Entretanto, João já se havia juntado na sala e fala-se agora da banda, os 9500. Senta-se ao lado do pai, num sofá que dá à vontade para quatro pessoas. Quatro pessoas que também formam a banda, duas delas já estão apresentadas mesmo sendo o Rui e o João os atores principais hoje têm mais duas peças que completam o puzzle. E são fundamentais para uma banda de rock: Zé Pedro que toca a guitarra elétrica e Naio, baterista. Zé Pedro vem para a banda por intermédio de Rui Fonseca que fora aluno de Zé e o convidou para este projeto. Naio é amigo de família. Em condições normais por esta hora deviam estar a praticar para um concerto. Mas estão em casa, e que fazer quanto a isso? Nada. Fala-se, partilha-se e foi o que se seguiu. Foi contada a história de algo que se procura entender quando há uma banda, um filme, uma peça de teatro, no limite uma pessoa. O nome. O primeiro concerto aproximava-se e ainda não havia nome para a banda. A maneira como surge não é habitual, mas fez sentido para todos. “Não tínhamos grandes certeza sobre o nome, fomos dando vários nomes, mas não havia assim nenhum que se encaixasse. Então num dos ensaios estávamos num momento de pausa a improvisar nos instrumentos e o meu pai exaltou-se e disse” – João faz um gesto com a mão a dar a palavra ao pai, solta um riso e continua a história – “Pah! Já trouxemos mais de 9500 nomes de bandas, de grupos, de ideias e vocês não gostam de nada! Já estou farto e cansado disso! E então o baterista [Naio] vira-se para o grupo e diz que é aquele o nome. 9500.” “E foi este, na falta de inspiração surgiu o nome da banda” conclui João.

O reportório já é vasto, tendo Rui escrito ao longo de vários anos algumas das letras da banda. Porto Introspetivo é uma das músicas dos 9500. Já foi escrita há algum tempo e a ideia dela surgiu num passeio entre pai e filho pelo Porto.

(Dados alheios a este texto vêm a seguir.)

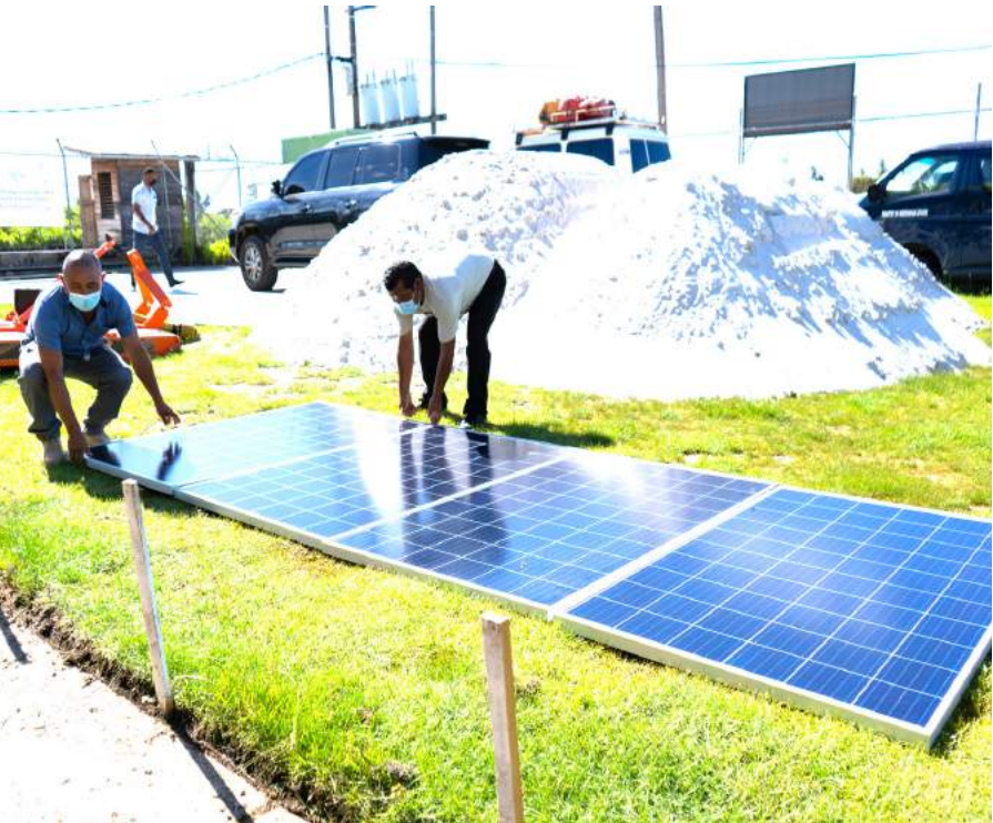
Hinterland residents were trained in the setting up of photovoltaic systems under the Office of the Prime Minister’s Information Technology (ICT) Access and eService for Hinterland Poor and Remote Communities Project.

-The solar panel and the one laptop programmes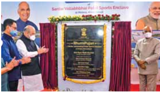
President Ram Nath Kovind and Union Home Minister Amit Shah during the Bhumi Pujan of Sardar Vallabhbhai Patel Sports Enclave at Motera Stadium in Ahmedabad

The President also performed the ground-breaking ceremony for a sports complex in the stadium, to be named Sardar Vallabhbhai Patel sports enclave, for disciplines like football, hockey,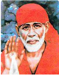
Sabka Maalik Ek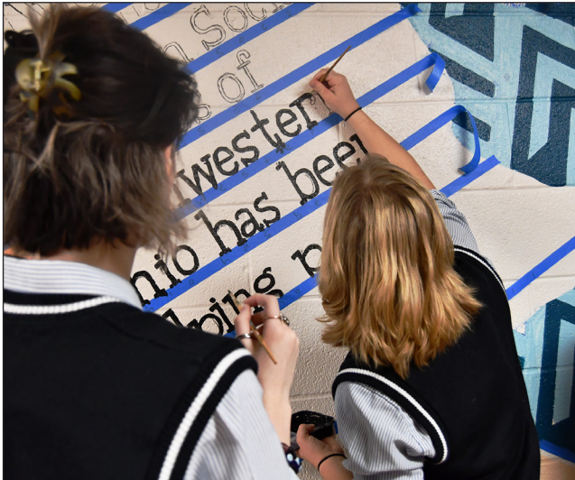
Students from St. Ursula Academy worked on a mural in the LSS Emergency Choice Food Pantry in March.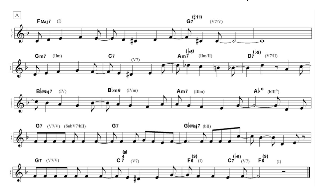
Figure 10: Songbook Tom Jobim, part A3, measures 49-68.

In the A3 section, the original theme returns and the form is finalized with 68 measures. The A3 section has four measures more than the other parts: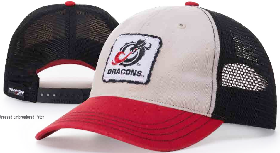
CL156 | Distressed Embroidered Patch

FIT: ADJUSTABLE SNAPBACK SHAPE: RELAXED UNSTRUCTURED FABRIC: TWILL/POLY MESH VISOR: PRECURVED SWEATBAND: COTTON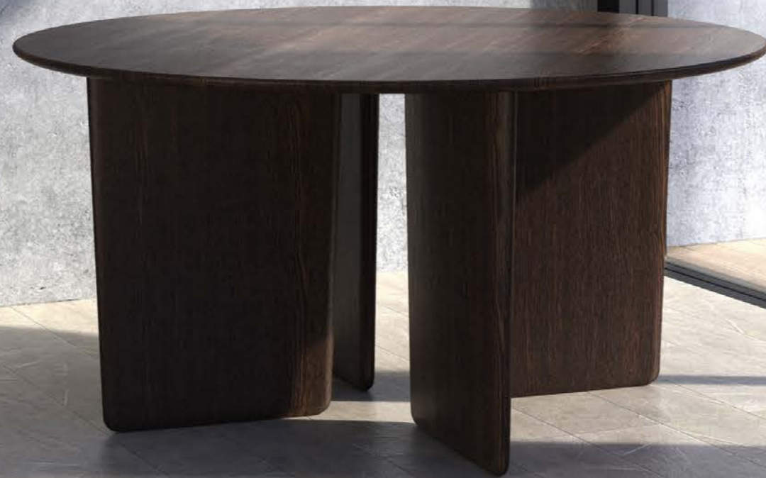
Harmoni Round Conference Table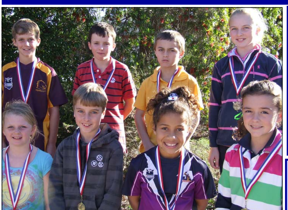
2013 Cross Country Champions

Na altura o João ainda era pequeno e não se lembra deste passeio, mas a música carrega consigo uma mensagem simbólica “E sem querer saber de cansaço/Dançamos neste Porto que não teme”. No início do ano de 2020 foi gravado aquele que é até hoje o primeiro videoclip dos 9500.

Porto Introspetivo(videoclip)-9500. Vídeo cedido pelos entrevistados

Logotipo da banda. Imagem da página de Facebook da banda cedida pelos entrevistados

Esta é uma banda que se quer afirmar por cantar com sentido, com juízo estético e com crítica porque quer por a música onde deve estar para alcançar o seu patamar. João interpela finalizando “e porque as músicas significam alguma coisa. “Exatamente” anui Rui. A ambição que têm para a banda é a mesma na relação pessoal. De evolução e aprendizagem.